EXERCISE DETAILS | From the records below, print exactly the lines starting at the one containing "- Βαρύ πένθος" and ending at the one containing "Concessionario Waterman 1912, Concessionario", ends included, and nothing else.

RECORDS FOR THIS TASK |
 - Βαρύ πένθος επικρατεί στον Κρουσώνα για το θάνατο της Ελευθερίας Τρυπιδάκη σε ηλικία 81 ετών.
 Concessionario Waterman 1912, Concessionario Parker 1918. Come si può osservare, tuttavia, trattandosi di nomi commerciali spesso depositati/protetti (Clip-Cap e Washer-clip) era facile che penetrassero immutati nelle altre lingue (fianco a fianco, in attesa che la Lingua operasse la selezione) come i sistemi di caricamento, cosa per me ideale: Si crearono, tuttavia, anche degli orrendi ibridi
* * *
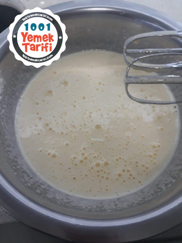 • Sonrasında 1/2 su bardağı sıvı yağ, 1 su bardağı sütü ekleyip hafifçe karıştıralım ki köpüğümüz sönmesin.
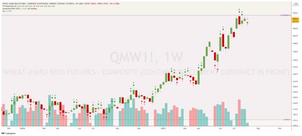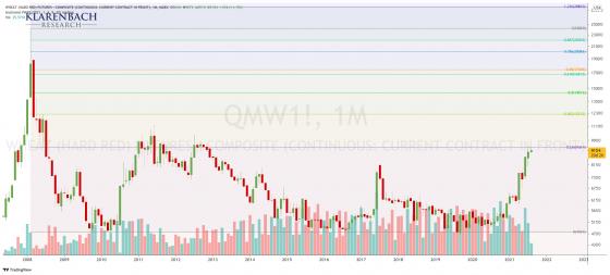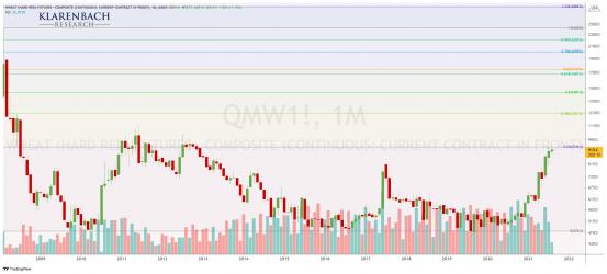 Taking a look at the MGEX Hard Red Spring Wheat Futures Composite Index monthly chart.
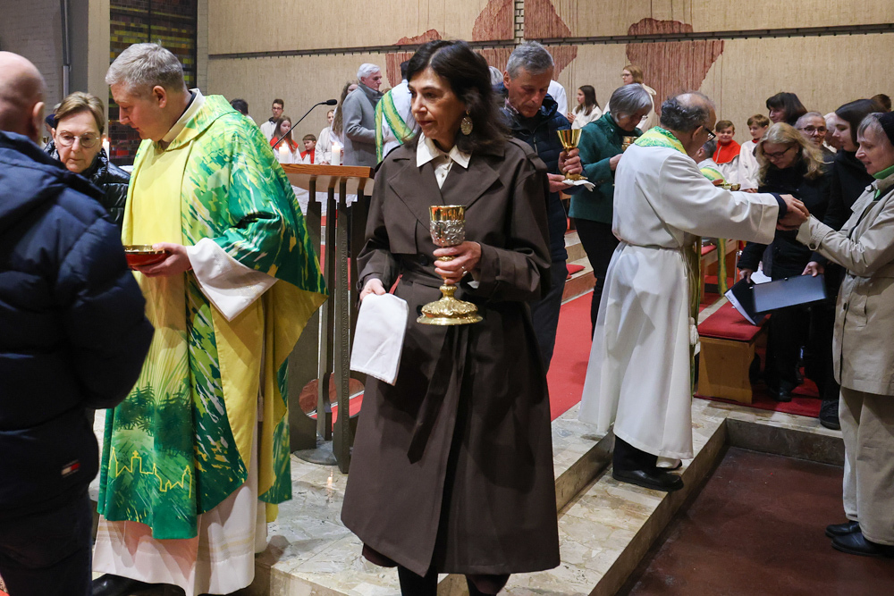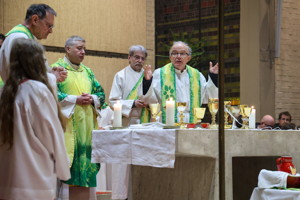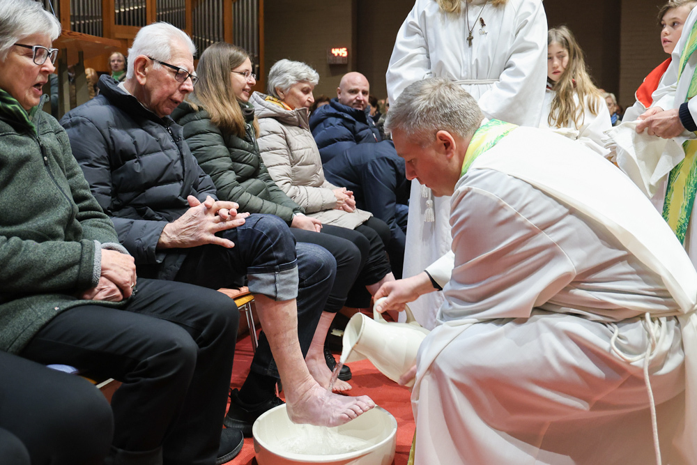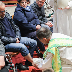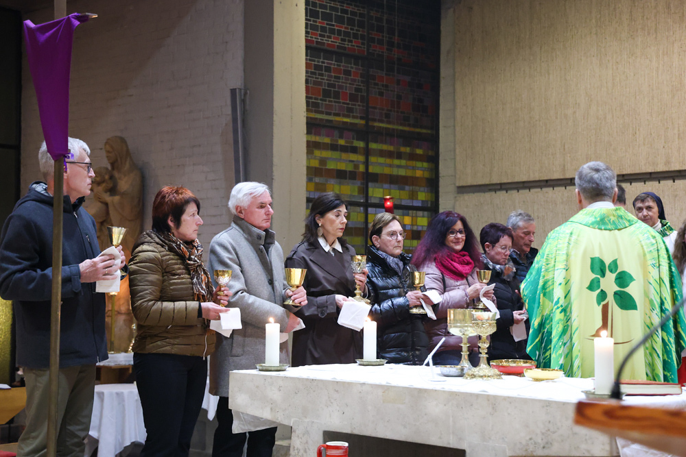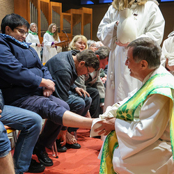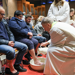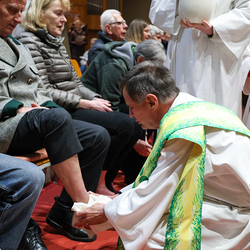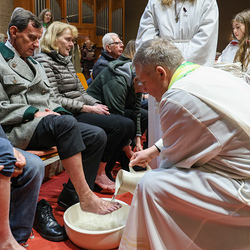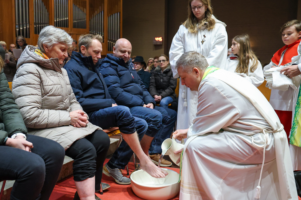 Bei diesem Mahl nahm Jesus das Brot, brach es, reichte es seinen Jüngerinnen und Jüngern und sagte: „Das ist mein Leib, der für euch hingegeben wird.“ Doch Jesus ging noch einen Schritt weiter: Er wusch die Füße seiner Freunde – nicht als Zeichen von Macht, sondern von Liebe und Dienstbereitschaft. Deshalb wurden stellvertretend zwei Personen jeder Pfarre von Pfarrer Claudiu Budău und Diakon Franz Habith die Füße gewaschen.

TASK SOLUTION |
 - Βαρύ πένθος επικρατεί στον Κρουσώνα για το θάνατο της Ελευθερίας Τρυπιδάκη σε ηλικία 81 ετών.
 Concessionario Waterman 1912, Concessionario Parker 1918. Come si può osservare, tuttavia, trattandosi di nomi commerciali spesso depositati/protetti (Clip-Cap e Washer-clip) era facile che penetrassero immutati nelle altre lingue (fianco a fianco, in attesa che la Lingua operasse la selezione) come i sistemi di caricamento, cosa per me ideale: Si crearono, tuttavia, anche degli orrendi ibridi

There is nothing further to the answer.